Let's look at the first frame of our spectrogram. How do we find the start? We can calculate the energy of each frame and look where it takes off.
print Pxx.shape, freqs.shape
(513, 966) (513,)
energy = sum(Pxx ** 2, axis=0)
energy.shape
(966,)
figure(figsize=(10, 4))
plot(bins, energy)
xlim(0, 4)
xticks(arange(0, 4, 0.25));
grid(True)
xlabel("time (s)");
From the previous graph, we know that the sound starts around 0.75 seconds. Let's take a closer look at the frequency content around that time. First, we need the right index.
argmax(bins > 0.75)
45
Now, we can plot the frequencies in the FFT at that point in time.
ampl = Pxx[:, 45]
plot(freqs, ampl)
xlabel("frequency (Hz)")
title("Initial frequency content of the low E-string")
<matplotlib.text.Text at 0x960c250>
On the previous figure, we can really see the structure with all the harmonics due to the y-axis scale. Let's see how that looks in log scale.
plot(freqs, log(ampl))
xlabel("frequency (Hz)")
title("Initial frequency content of the low E-string")
<matplotlib.text.Text at 0x97092f0>
We now see a lot more spikes, which is exactly what we expect. Let's see if we can find an envelope for that curve and just fit the structure of the frequencies on the envelope.
from scipy.signal import hilbert
signal = log(ampl)
envelope = real(hilbert(signal))
plot(freqs, signal, label='original curve')

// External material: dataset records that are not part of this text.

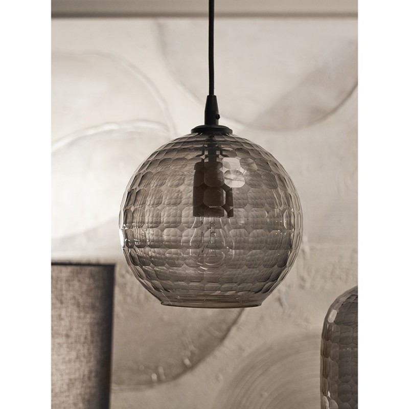 Светильник подвесной Mirage от дизайнерского бренда Bergenson Bjorn великолепно дополнит интерьер в современном стиле, поможет в создании приятного освещения и уютной атмосферы. Модель имеет основание из железа и плафон из стекла. Стенки плафона украшает выпуклый узор, который красиво преломляет свет, обеспечивая интересный визуальный эффект.Особенности и преимущества:- Сочетание элементов из металла и стекла гарантирует изделию устойчивость к износу и долговечность. - Благодаря непрозрачному плафону светильник излучает приглушенный, рассеянный свет, комфортный для глаз. - Классическое цветовое решение и современный дизайн позволяют вписать модель в различные варианты оформления.Материалы: стекло, железо. Размеры: 20х20х22 см. Длина провода: 1,5 м. Цвет: серый. Тип цоколя: Е27. Максимальная мощность ламп: 40 Вт. Степень пылевлагозащиты: IP20. Диаметр монтажной пластины: 11 см. Площадь освещения: 2,7 кв.м. Лампы в комплекте: нет.Для удаления пыли и загрязнений используйте сухую или слегка влажную мягкую ткань. Запрещается применение абразивных материалов и агрессивной бытовой химии. Перед очищением убедитесь, что светильник не подключен к сети. Осветительный прибор со степенью пылевлагозащиты IP20 можно устанавливать только в сухих помещениях, где отсутствует вероятность попадания на корпус брызг воды и исключается любое механическое воздействие.
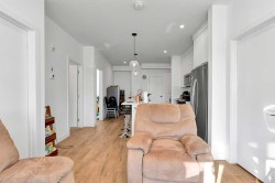 Bright and modern 3-bedroom, 2-bath corner condo in Wolf Willow. This open layout features 842 sq ft with oversized windows, luxury vinyl plank floors, and 9-ft ceilings. The kitchen offers quartz counters, stainless steel appliances, full-height cabinetry, and a large eat-up island. The primary suite includes a walk-through closet and private ensuite, with two additional bedrooms and a 4-piece bath. Enjoy a spacious balcony, in-suite laundry, and titled underground parking. Building amenities include a pet spa, gym, and bike storage. Steps to the Bow River, Blue Devil Golf Club, and new Wolf Willow Crossing shops. Easy access to Stoney and Macleod Trail.
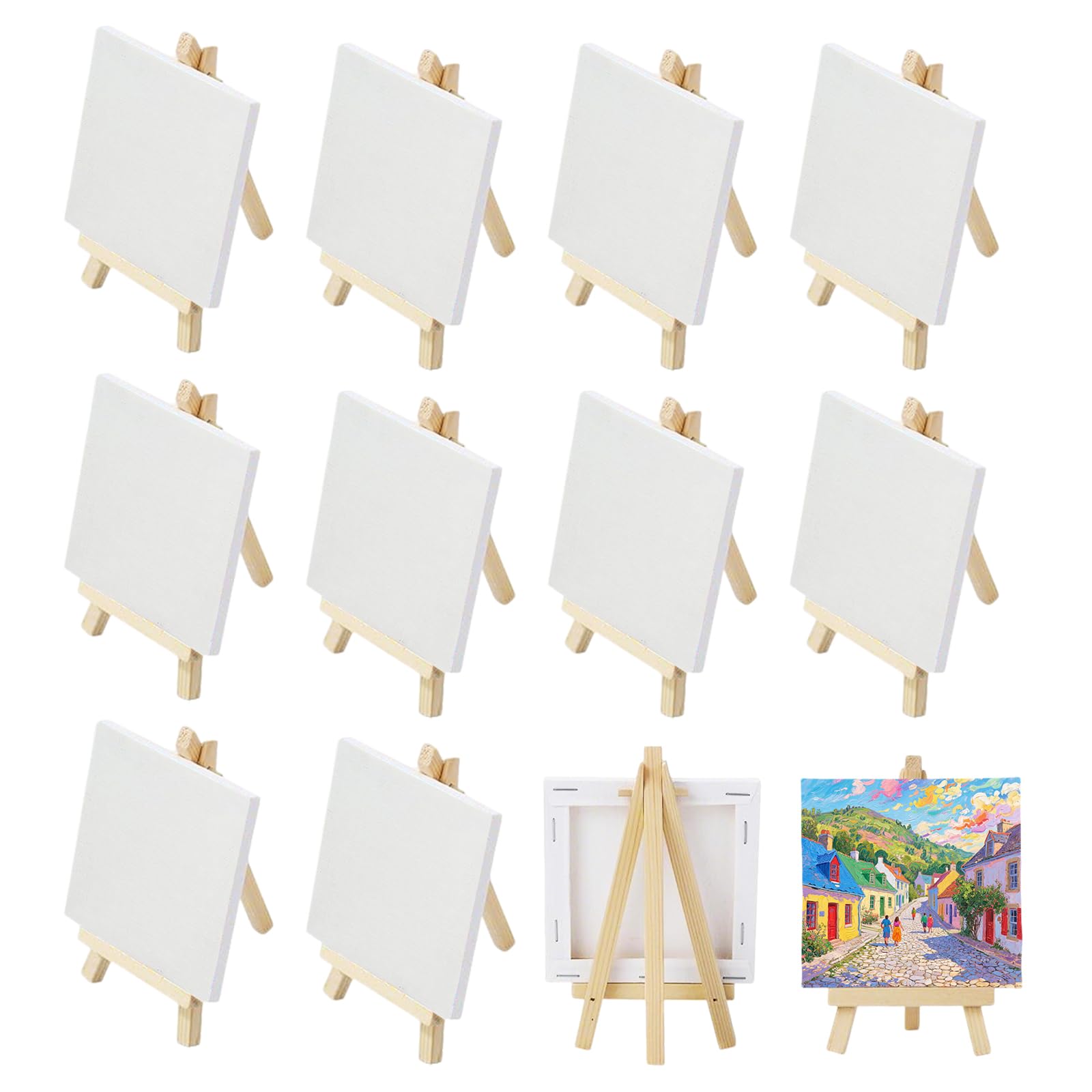 STRUCTURE STABLE - Le mini chevalet est triangulaire, le triangle étant la structure la plus stable. MINI TOILE AVEC CHEVALET - 12 toiles et 12 chevalets. Description de Ensemble de 15 mini-toiles et chevalets, mini-toiles de 10 x 10 cm [Matériel de peinture de qualité supérieure] : Notre petite toile est stable, flexible et offre une excellente tension, pour une expérience de peinture optimale Lot de 10 mini toiles : notre petite toile à peindre contient 10 mini toiles (15 x 15 cm), 10 petits chevalets, 12 pigments acryliques colorés (3 ml), 4 pinceaux (2 styles) et 2 palettes de couleurs en forme de fleur. Un ensemble complet d'outils pour répondre à vos besoins de peinture Cette conception lui permet de supporter des objets légèrement plus lourds et convient à une utilisation comme support pour téléphone portable ou tablette. Lot de 16 mini-toiles de 10 x 10 cm avec chevalet pour Vous n'avez pas à craindre qu'il tombe soudainement lorsque vous peignez dessus. Le trépied peut également être personnalisé dans votre couleur préférée. Toile Peinture Enfant Lot De 12 Mini Chevalet Toile, 10 X 10 Cm, Petites Toiles Lot 12 Toiles 10x10 Cm La taille du chevalet est de 15 x 8 cm. MATÉRIAUX - Le chevalet est en bois de haute qualité et déjà poli. La toile est 100 % coton et pré-apprêtée, parfaite pour la peinture acrylique, à l'huile et à l'aquarelle.

plot(freqs, envelope, label='hilbert envelope')
legend()
<matplotlib.legend.Legend at 0xac20d10>
Apparently, this is not working very well. So instead I'm going to extract all the amplitudes at the frequencies $f_n = n * f_0$ where $f_0$ is the fundamental frequency of our signal.
plot(freqs, log(ampl))
xlabel("frequency (Hz)")
title("Initial frequency content of the low E-string, zoomed on lower frequencies")
xlim(0, 600)
(0, 600)
In our case, the frequency resolution of our plot is the following:
df = freqs[1] - freqs[0]
df
7.8125
As this is quite low resolution, I'm going to inerpolate linearly between the curve points to make sure I won't miss an amplitude point. I'm taking code from here: interpolation cookbook recipes on Scipy.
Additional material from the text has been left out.